[TASK ITEM] Extract, exactly as written, each line from the start of the records below to the line containing "Bonnie Jean jurk bruidsmeisje borduur wit VXX", both ends included; drop the pictures.

________

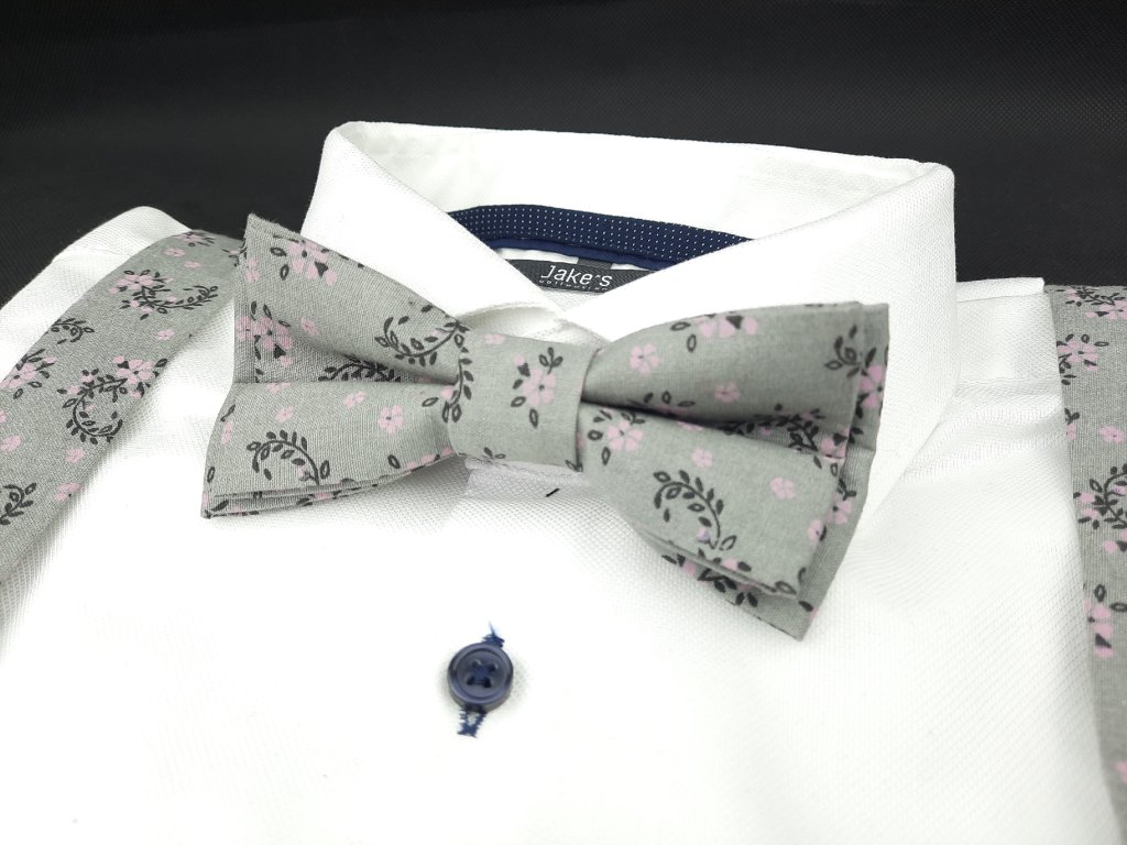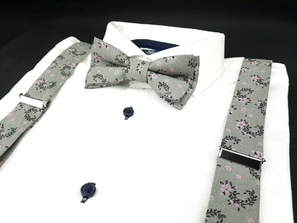 Pánsky set motýlik a traky | Sivý základ s kvetovaným vzorom pre moderný a sofistikovaný štýl
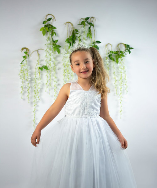Bonnie Jean jurk bruidsmeisje borduur wit VXX
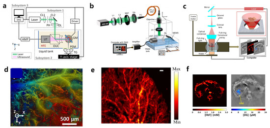PAM can create high-resolution images using a focused laser beam or a focused ultrasound capture scheme. Thanks to the high speed of lasers and fast scanning techniques such as micro-electro-mechanical systems (MEMS) and galvo-scanners, PAM can produce images in real-time [50,51,52,53,54,55,56,57]. When the spatial resolution is determined by a small, focused laser beam spot, the technique is called optical-resolution PAM (OR-PAM) (Figure 2a). OR-PAM can show the microvasculature of a mouse ear with a resolution on the order of several micrometers (Figure 2d). However, the penetration depth of OR-PAM is normally limited to approximately 1 mm because of the light diffusion in biological tissue. When the tighter ultrasonic detection bounds become the determining factor for spatial resolution, it is called acoustic-resolution PAM (AR-PAM) [51,58,59,60]. Even when AR-PAM does not provide better spatial resolution than OR-PAM, it can achieve a greater penetrating depth of a few millimeters because there is less ultrasound scattering in biological tissue (Figure 2b). Optical excitation is realized through dark-field illumination in AR-PAM, achieving a spatial resolution of 53 μm with an imaging depth of 1.8 mm in vivo (Figure 2e).
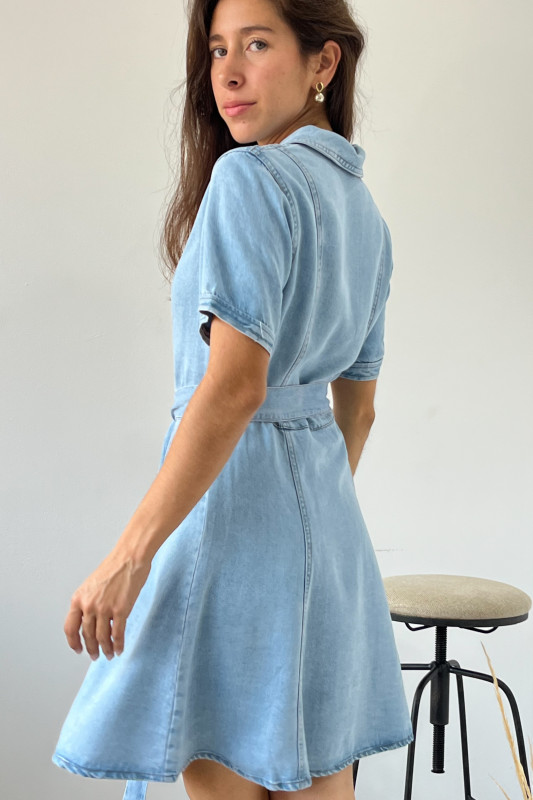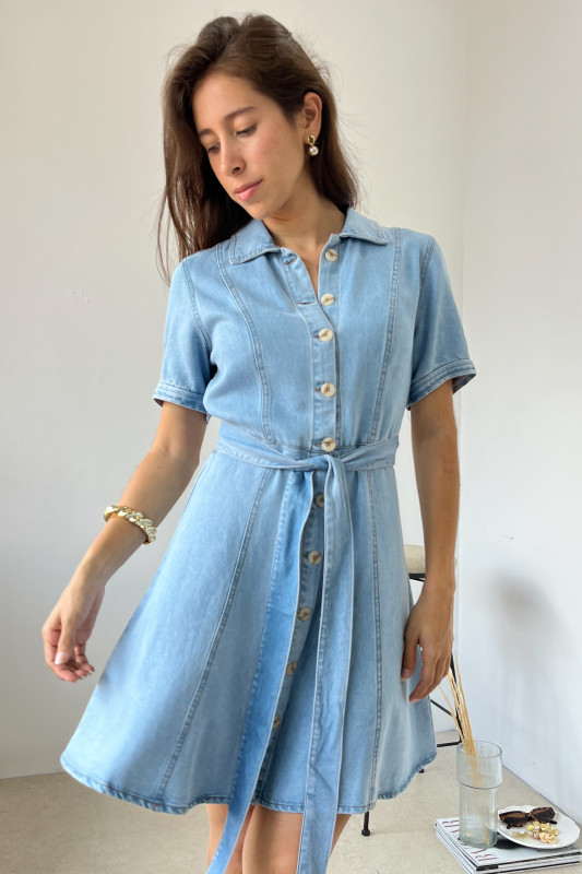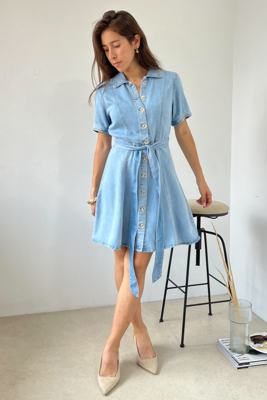 Vestido corto en mezclilla clara de grosor medio; botones en contraste y cintillo ajustable en misma tela.
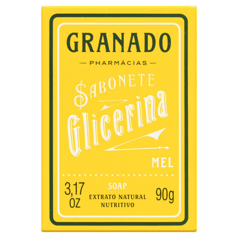 O Sabonete em Barra Glicerina Mel 90g da Granado é um sabonete em barra com fragrância suave de mel, indicado para a limpeza diária da pele do corpo e do rosto, adequado para todos os tipos de pele.
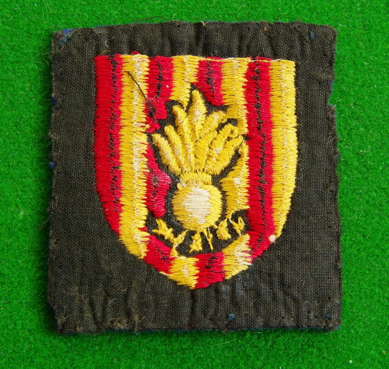 embroidered example of the yellow fused grenade above the motto scroll," Ubique " on a red and yellow striped shield with dark blue backing. Worn by 22 Engineer Group.
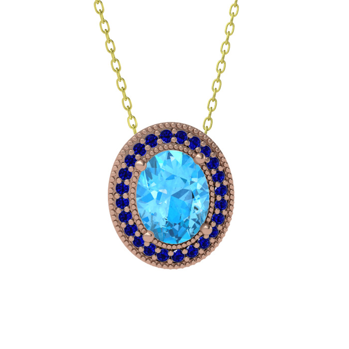 Akuamarin ve lab safir 18 ayar rose altın kolye (40 cm altın rolo zincir)

________

[THE COMPLETED TASK]
 Pánsky set motýlik a traky | Sivý základ s kvetovaným vzorom pre moderný a sofistikovaný štýl
Bonnie Jean jurk bruidsmeisje borduur wit VXX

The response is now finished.